The following SSH command responded with a non-zero exit status.
Vagrant assumes that this means the command failed!

mount -o vers=3 192.168.56.1:/home/steve/Projects/ze /var/nfs

Stdout from the command:

mount.nfs: requested NFS version or transport protocol is not supported

I always run vagrant destroy then vagrant up on each test. What I've done:

  • Allowed the vbguests to run and update
  • Tried NFS version 4
  • Tried it without NFS (it completes but the installation doesn't work)
  • Tried "192.168.56.1" as the host IP
  • Initially on Vagrant 2.3.4, upgraded to 2.3.7 (and tried everything again)
  • Tried to do the mount inside the VM, results typically this:
sudo mount -o vers=3 192.168.56.1:/home/steve/Projects/ze /var/nfs -v

mount.nfs: timeout set for Mon Jul  3 09:06:25 2023
mount.nfs: trying text-based options 'vers=3,addr=192.168.56.1'
mount.nfs: prog 100003, trying vers=3, prot=6
mount.nfs: portmap query retrying: RPC: Program not registered
mount.nfs: prog 100003, trying vers=3, prot=17
mount.nfs: portmap query failed: RPC: Program not registered
mount.nfs: requested NFS version or transport protocol is not supported

I'm losing the will to live, so any help would be appreciated.

NotTheDr01ds avatar
vn flag
With apologies on behalf of the community, it looks like your question was spammed by a trio of bots that is posting multiple AI-generated answers on questions. Unfortunately, the majority of the Moderators on Stack Exchange sites (including Ask Ubuntu) are on strike *primarily* because the parent company has reduced their ability to remove these bogus answers.

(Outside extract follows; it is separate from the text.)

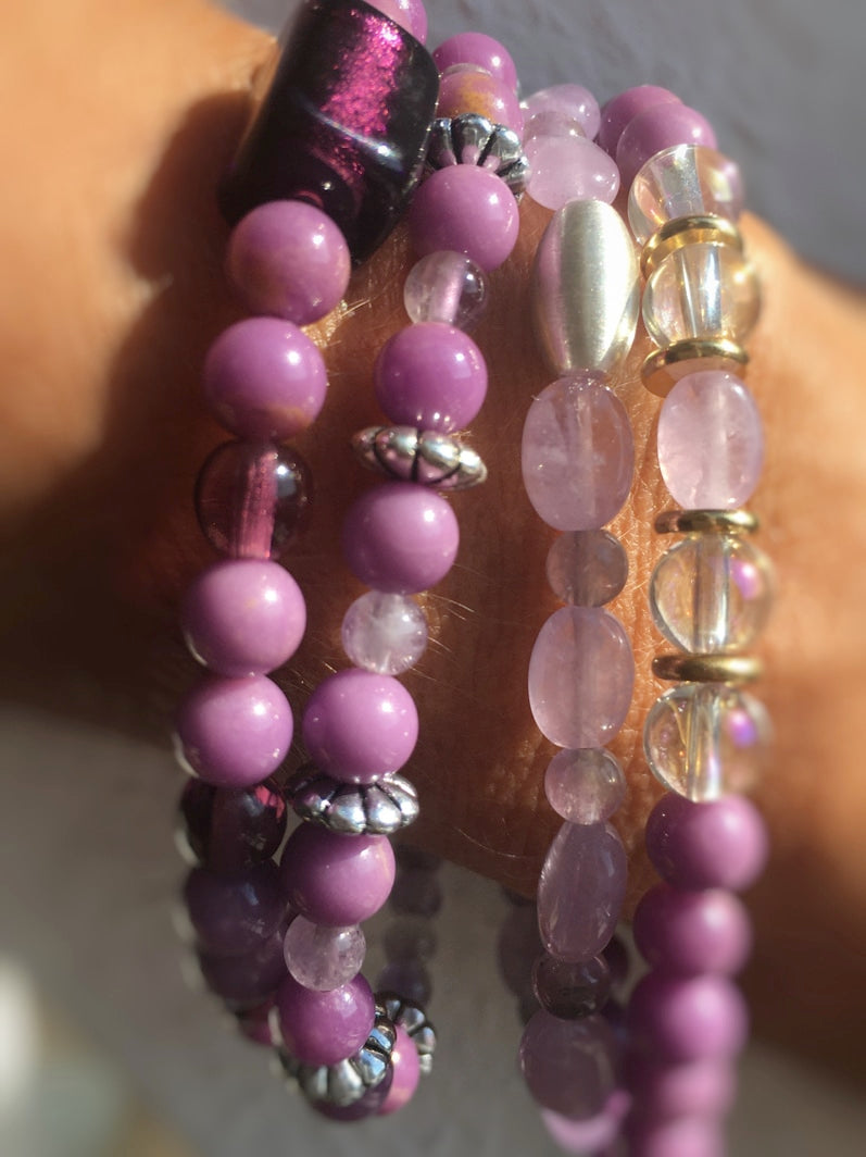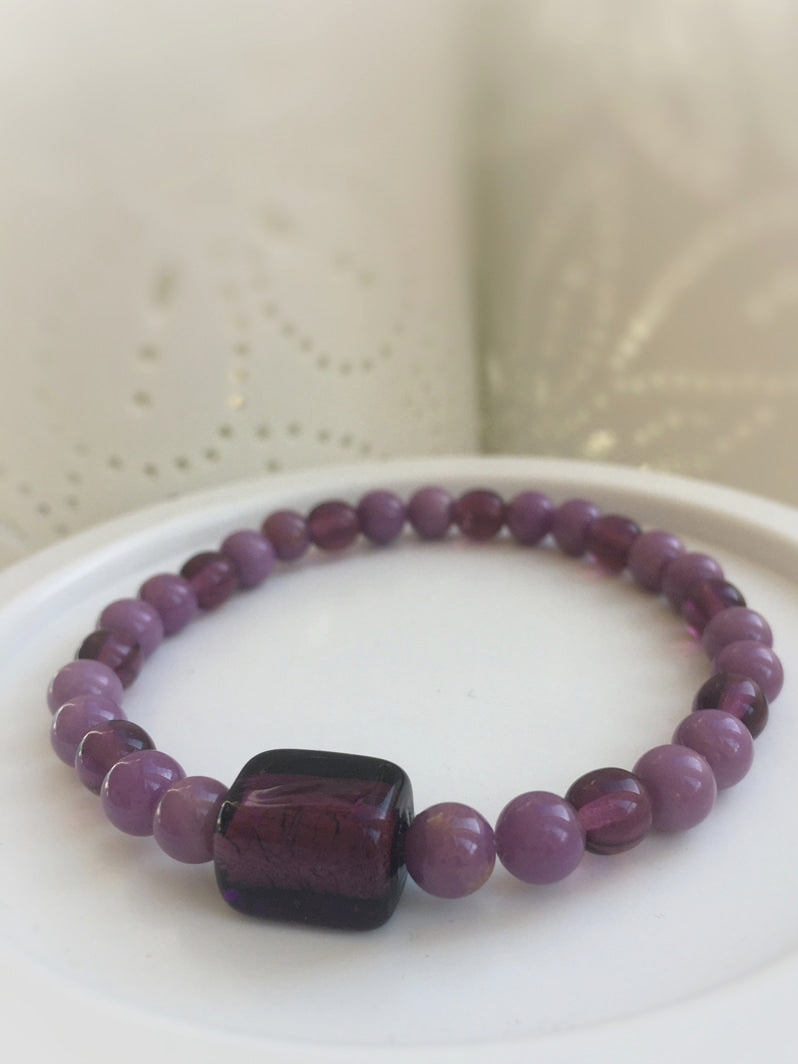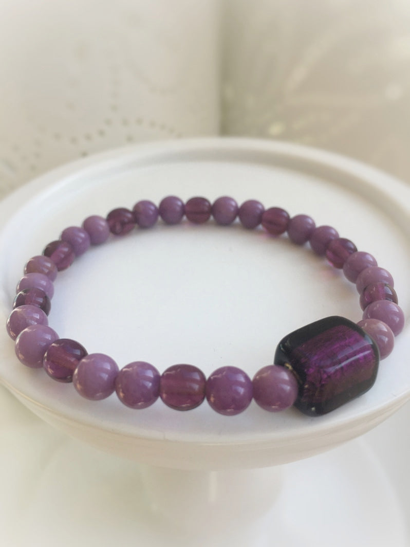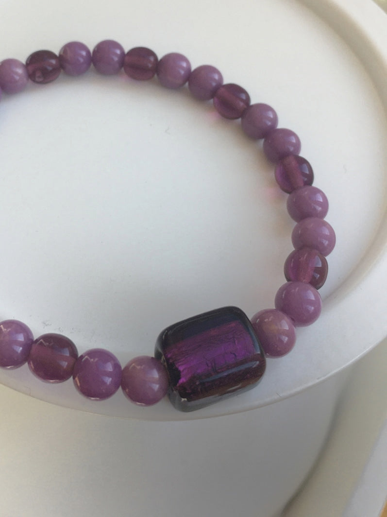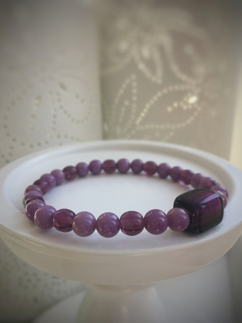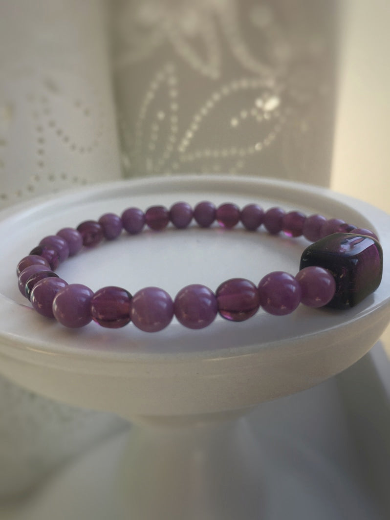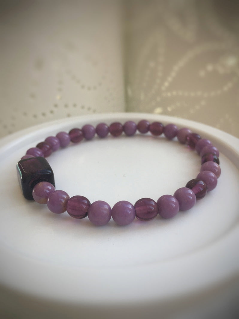 Perlen: Seltener Phosphosiderit 6mm, böhmische lilafarbene Glasperlen 6mm, quaderförmige Glasfolien-Perle

We're hoping that things get back to normal shortly, but in the meantime, we're having to deal with stuff like this.
Score:1
td flag

OK.

I eventually discovered (using nmap) that NFS was not running on the host machine, and that was because there was an entry in /etc/exports linked to a directory that no longer existed, so NFS initialisation failed.

Details of that found using systemctl status nfs-server

That meant that when trying to mount the NFS shared folders, the connection was refused and the mount failed.

The first clue in the trail found when I tried to do a mount with vers=4 which included the "refused" error message.